I've been comparing my new and old phone screens when considering this thread. I have to say I prefer the TFT LCD screen more than anything. Even with a lower resolution, the images (video and static) is beautiful to me. My RAZR i has a higher resolution but a pentile matrix SAMOLED. It reminds me of phones 5 years ago, the matrix gives the impression of cheap pixel displays in my opinion - but I keep reading it's amongst the most battery-saving screens in the mainstream smartphone market and for that I am greatful.


----------



## Pennycake (Feb 25, 2013)

I get noticeable battery drain difference by turning down the brightness on my AMOLED screen. 

Decreased brightness also extends the life of the display.

Sent from my SGH-T999 using xda app-developers app


----------



## dreis911 (Feb 25, 2013)

*good work*



SharpnShiny said:


> Does anyone here know much about SAMOLED? I read in a phone review that it's more a marketing term than actual performance difference over AMOLED, but I'd prefer to double check that. For anyone who hasn't seen that term, the S is for Super (don't laugh yet!). I think the Motorola RAZR i and the Samsung Galaxy S III Mini are using SAMOLEDs.

Click to collapse



Yes. SAMOLED is the Super AMOLED from Samsung.
I wouldn't dare to say that it's just a marketing stuff... Because it's a little about "sub-pixels" and their layout. I would say thay the AMOLED technology is there with Samsung's engineering so that picture could get better.



Pennycake said:


> I get noticeable battery drain difference by turning down the brightness on my AMOLED screen.
> 
> Decreased brightness also extends the life of the display.

Click to collapse



That's what I meant in my last post, under the UPDATE statement. Also try to tweak your phone's clock (if you haven't done it yet).
Mine (a poor 600MHz ZTE Blade) is working from 245MHz to about 650MHz depending on the load (from underclock to overclock).


----------



## yzak58 (Sep 7, 2012)

So currently these 3 types of display techs(mainly their variants like Super AMOLED, Super Clear LCD, Super IPS LCD, LED Backlit LCD,IPS TFT etc) are the main kinds of display technologies which can be seen on the latest phones.

I have a few doubts regarding this topic.

1- Which technology gives the best color reproduction?
I know AMOLED sucks at this field.What about Super IPS n LED Backlit LCDs n TFTs?

2-Which one has the best viewing angle?

3-What is all this pentile matrix stuff about AMOLED Displays? 

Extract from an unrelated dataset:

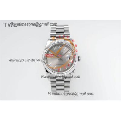 Day-Date 118139 36mm A2836 Automatic Mens Watch Best Edition TRF Stainless Steel Silver Dial Black Leather

4-Longevity,which one lasts long without noticeable degradation? 

5-One technologies main advantages/disadvantages over another


----------



## yzak58 (Apr 26, 2013)

SammiSaysHello said:


> not a fan of AMOLED screen burnouts

Click to collapse



ya but does all AMOLEDs have this problem or is it just Pentile Matrix?
The Note 2's pixel arrangement is not pentile


----------



## yzak58 (Apr 26, 2013)

*will search abt it*



[email protected] said:


> So, if a TFT display is considered not quite as good as an AMOLED or an SLDC…how could a difference be noticed between the Xperia Z’s TFT display, the SGS4’s AMOLED and the HTC Butterfly’s SLDC3 – all 5 inches, all 1920x1080?  Battery life/colour reproduction/daylight visibility?
> 
> Thanks for the input.

Click to collapse



hmmm....nice 3


----------



## yzak58 (Apr 26, 2013)

*AMOLED is getting better*

S4's AMOLED screen gives a color reproduction close to HTC One's screen.
Its way better than Xperia Z's


----------



## lkashl (May 27, 2013)

From my understanding (which may not be entirely correct, feel free to contribute):

AMOLEDS: Typically have better blacks since no pixels are lit to display black but have tinted whites (generally not visible unless compared to an LCD). They consume less power than LCD's during black since no pixels are lit and significantly more during white and bright colours. Depending on the colour being reproduced power draw may vary greatly (LCD's remain constant), greens consuming the least, blues consume the most and reds fall in between but weigh towards less power draw. They also tend to suffer from burn in. 
Some are pentile displays (displays without a "plus" prefix/suffix) which means they're less sharp due to a pentile arrangement (which is cheaper to manufacture and reduces blue aging). Comparing an AMOLED's PPI to a rival LCD is misleading if its a pentile display and where PPI counts are equivalent the LCD will look superior. AMOLED's also have inferior colour reproduction and unequal saturation but many consider this a bonus of AMOLED displays. 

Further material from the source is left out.